Given the mixed signals, investors should weigh the strong cash flow and dividend appeal against the high leverage and questionable valuation. The elevated volatility and a sizable max drawdown of 36% further underscore the risk, while the low beta and solid liquidity mitigate some concerns. In the medium term, the debt burden and unsustainable payout could pressure the share price, whereas the long‑term outlook may benefit from the company’s asset base and sector recovery if leverage is managed.

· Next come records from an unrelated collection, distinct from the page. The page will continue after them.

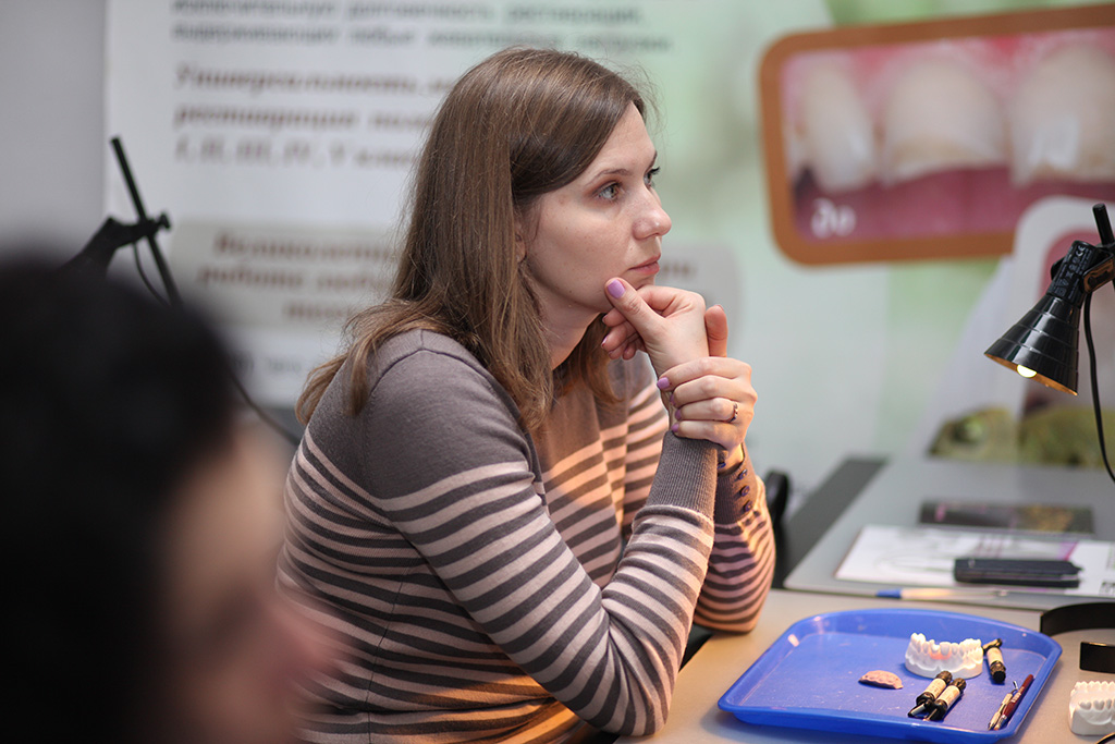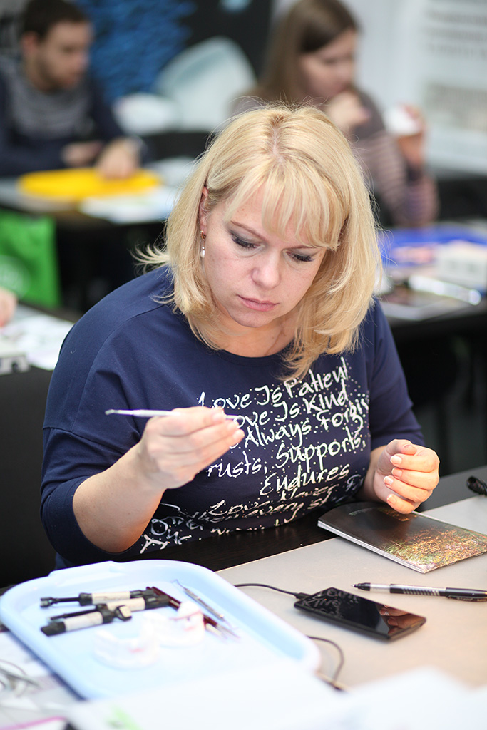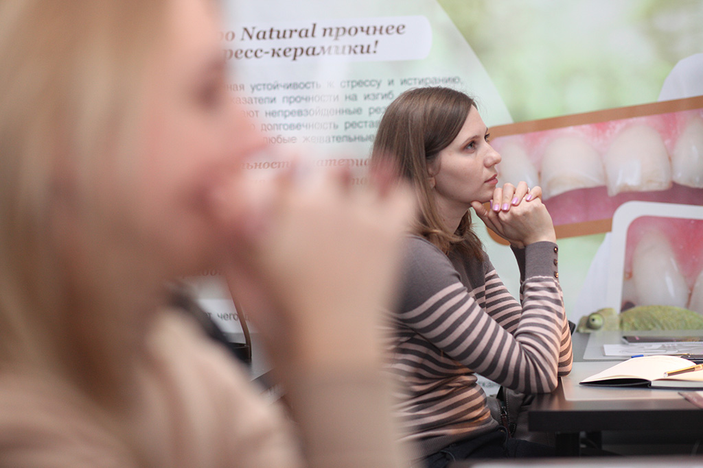 Лекционная часть рассматривала все теоретические аспекты реставрации зубов. Большое внимание уделялось адгезивной подготовке; слушателям была представлены исчерпывающие характеристики современных адгезивных систем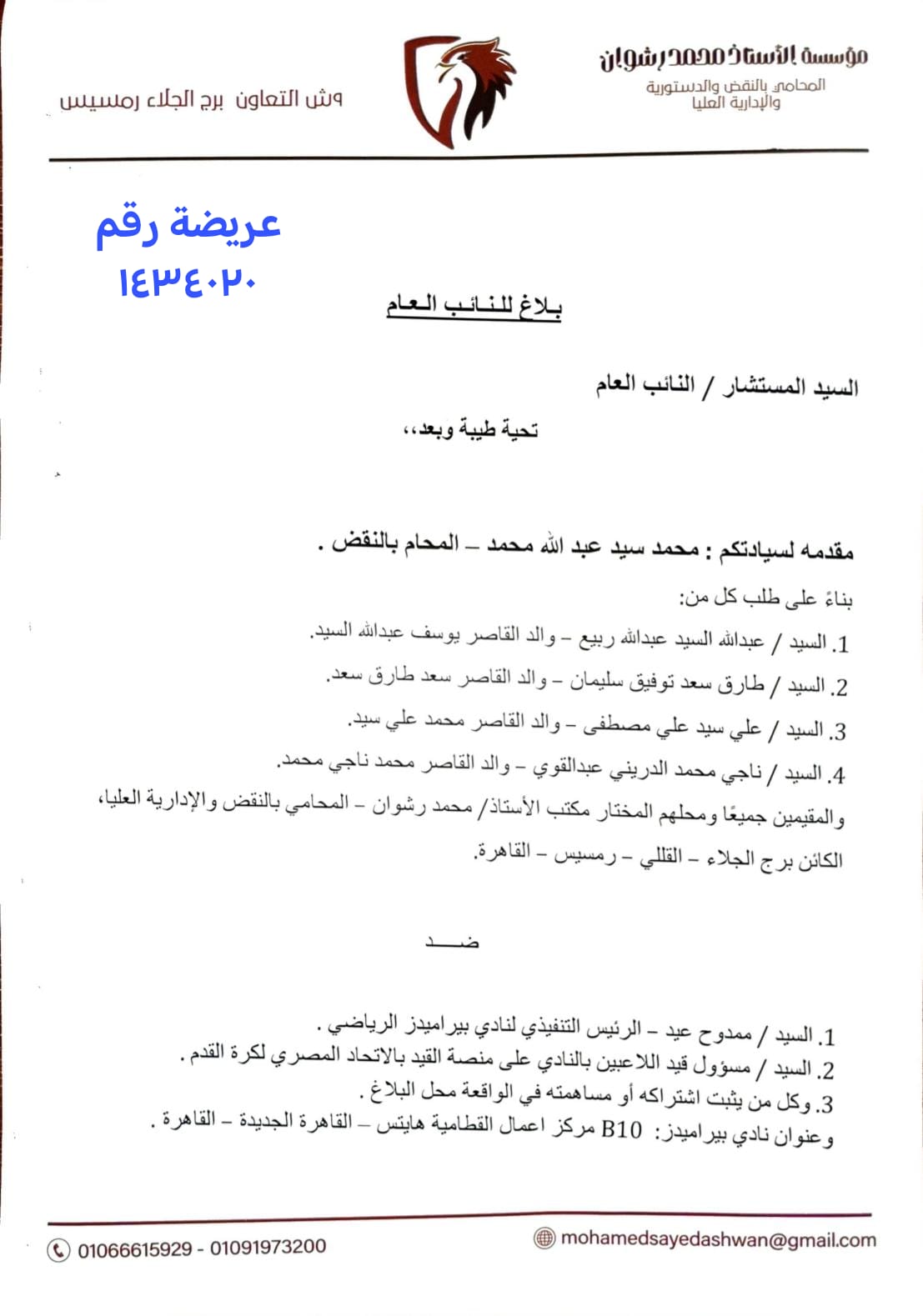 ج/ انا بتقدم ببلاغ ضد إدارة بيراميدز لقيامهم بفصلي تعسفيا من عملي كمدرب في النادي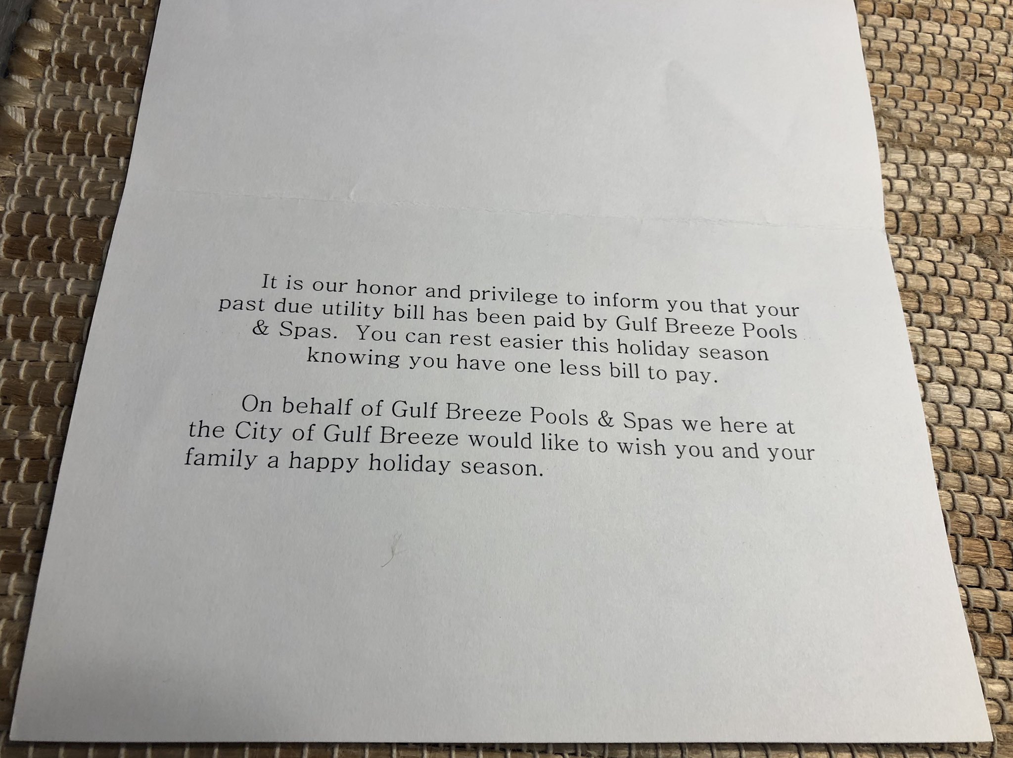 ▼卡片中寫了:「我們很榮幸的通知您,您所積欠的雜費帳單已經由 Gulf Breeze Pools & Spas 支付。您可以因為少了一項支出而以更輕鬆的心情來過節。在此僅代表 Gulf Breeze Pools & Spas 祝福您和家人節日快樂!」
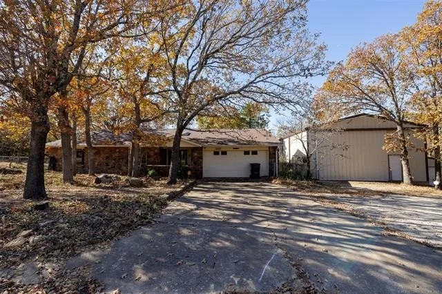 Unlock the potential of this exceptional estate, nestled on over an acre of land, mere minutes from Keystone Lake's tranquil shores. The beautifully maintained residence boasts an expansive open living area, vaulted ceiling, and striking rock fireplace, perfect for relaxation and socializing. The spacious covered deck is ideal for entertaining. The property also includes an impressive 30' x 50' shop , ideal for hobbies, projects, or storing large equipment. For even more storage, there's a 35' x 20' building equipped with its own electric overhead door. The yard is fully enclosed with chain-link fencing and includes a separate dog pen or chicken run just outside the main fenced area perfect for pet owners or those with a hobby farm in mind.
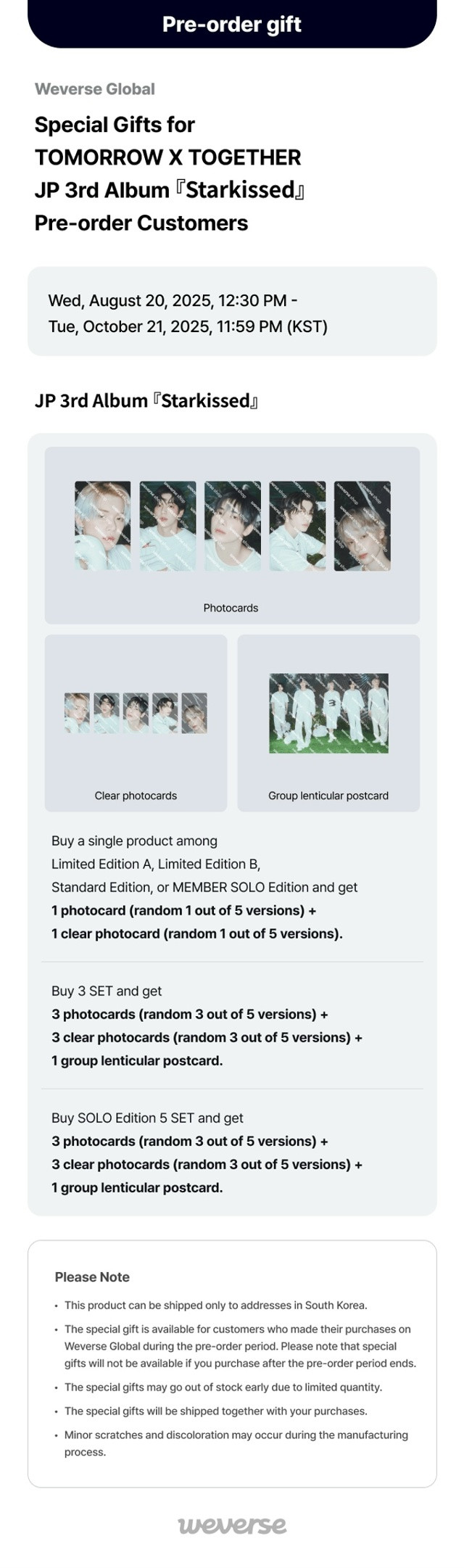 Айго открывает предзаказ на TOMORROW X TOGETHER - JP 3rd Album 『Starkissed』 pob Weverse

Overall, the stock sits at a crossroads between technical optimism and fundamental caution.

Market Outlook

Short Term

< 1 year
Neutral
Model confidence: 6/10

Key Factors

  • Bullish MACD and rising volume support near‑term stability
  • Price near resistance at 32.40 may limit upside
  • High dividend yield but unsustainable payout ratio

Medium Term

1–3 years
Cautious
Model confidence: 7/10

Key Factors

  • Heavy debt load (debt‑to‑equity 215%) increases financial risk
  • DCF fair value of 17.1 suggests significant overvaluation
  • Elevated volatility (29.5% 30‑day) and recent max drawdown of 36%

Long Term

> 3 years
Neutral
Model confidence: 5/10

Key Factors

  • Solid ROE (18.3%) and cash flow generation
  • Potential sector recovery in Taiwan real‑estate development
  • Low beta (0.17) provides defensive characteristics despite leverage

Key Metrics & Analysis

Financial Health

Revenue Growth17344.90%
Profit Margin20.19%
P/E Ratio23.5
ROE18.35%
ROA3.77%
Debt/Equity215.31
P/B Ratio2.1
Op. Cash FlowNT$5.0B
Free Cash FlowNT$1.1B
Industry P/E33.4

Technical Analysis

TrendNeutral
RSI63.7
SupportNT$28.05
ResistanceNT$32.40
MA 20NT$29.91
MA 50NT$29.76
MA 200NT$32.84
MACDBullish
VolumeIncreasing
Fear & Greed Index89.86

Valuation

Fair ValueNT$17.11
GradeOvervalued
TypeBlend
Dividend Yield6.97%

Risk Assessment

Beta0.17
Volatility29.52%
Sector RiskMedium
Reg. RiskMedium
Geo RiskMedium
Currency RiskLow
Liquidity RiskLow

This analysis may contain inaccuracies and is provided for informational and research purposes only. It is not personal investment advice, a recommendation, or an instruction to buy, sell, or hold any asset.